Là-dessus, hier, je me rends comme chaque année à Angles-sur-Anglin pour la Foire du Livre. Chaque fois, c'est la chasse au trésor, et j'y chargeai ma besace entre autres de Dhôtel, Gracq, Dickinson, et puis, en dernier lieu, d'un volume du Journal de Julien Green, Ce qui reste de jour, 1966-1972. J'avais acheté il y a longtemps, chez un bouquiniste de  Dijon, le volume précédent, Vers l'invisible, et voici que la suite me faisait signe, d'autant plus que la citation en exergue, qui donne son sens au titre, est tirée de saint Luc : "Reste avec nous, car il se fait tard, et déjà le jour baisse." (XXIV, 29)

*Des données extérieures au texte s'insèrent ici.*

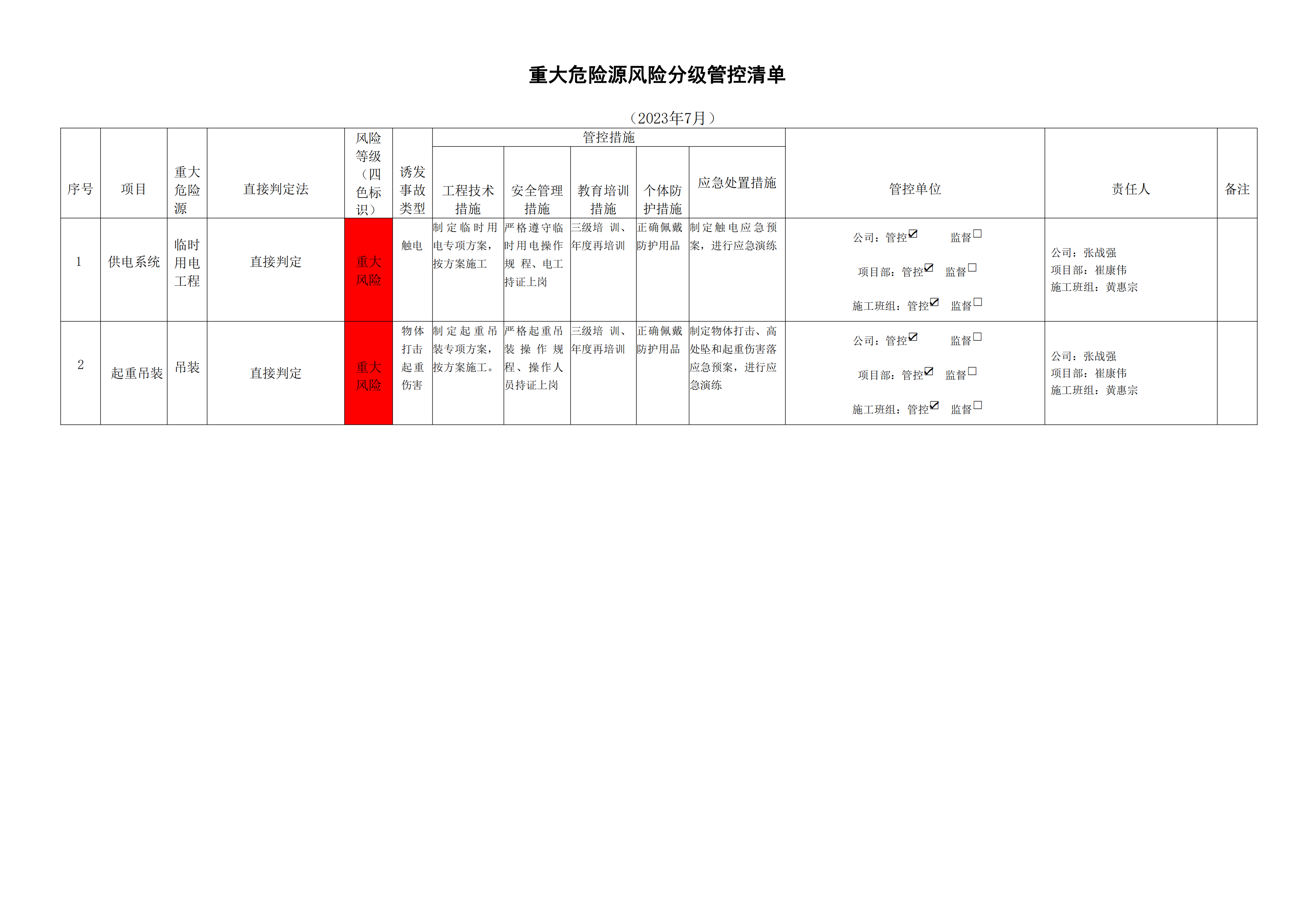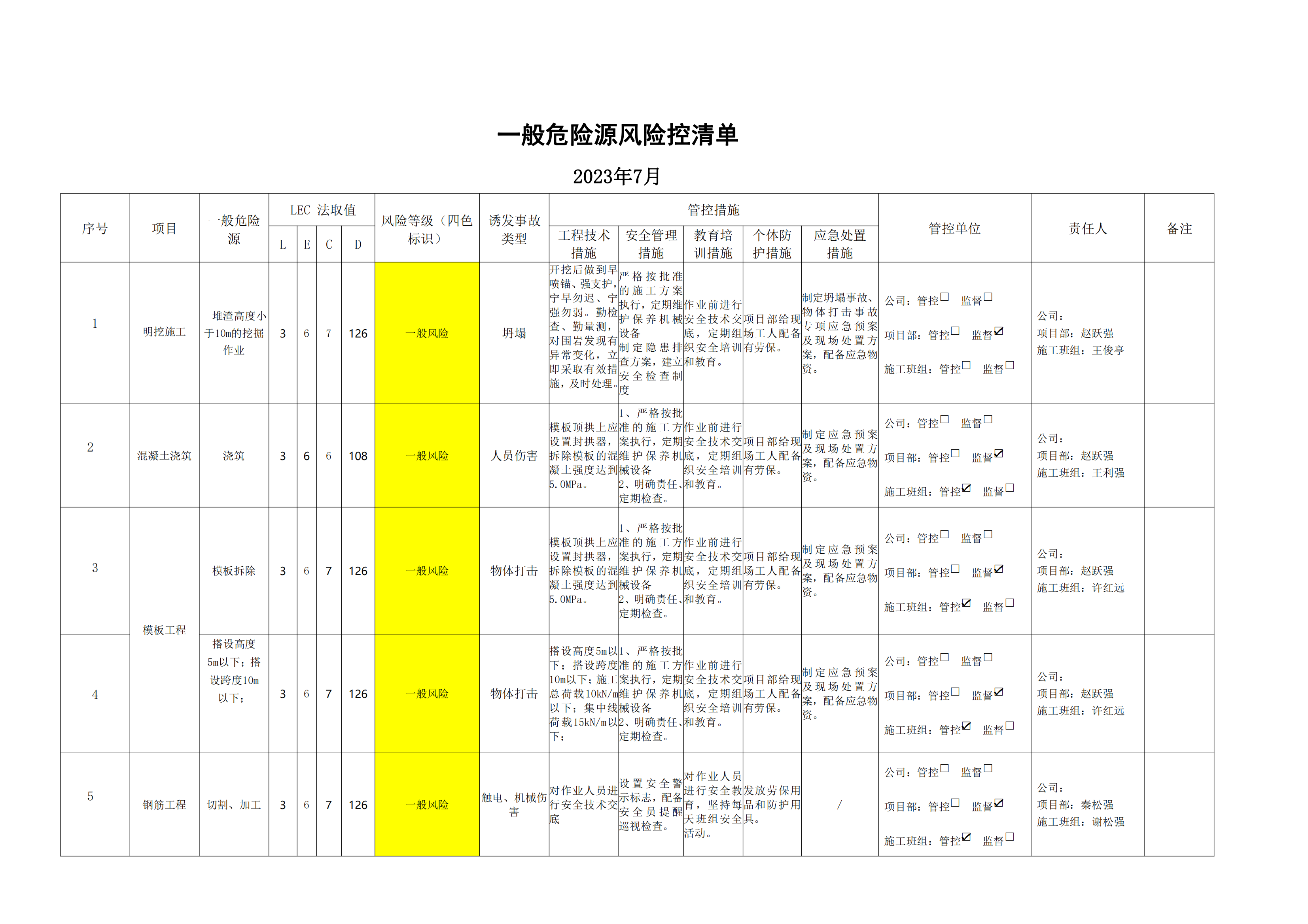 小浪底南岸灌區(qū)7標(biāo)項(xiàng)目危險(xiǎn)源風(fēng)險(xiǎn)分級(jí)管控清單(7月)

Le soir-même, je reprends là où je l'avais abandonnée la lecture de François Cassingena-Trévidy. Or je tombe immédiatement sur le fragment suivant :

"Ils le pressèrent en disant : Reste avec nous, car il se fait tard, et déjà le jour baisse..." (Luc, 24,29) - Ils lui demandaient à demi-mot de les protéger contre l'offensive, contre l'invasion des ténèbres qu'ils secrétaient eux-mêmes comme une humeur maligne. L'homme, l'homme tout seul se fait tellement d'ombre à lui-même ! (p. 138)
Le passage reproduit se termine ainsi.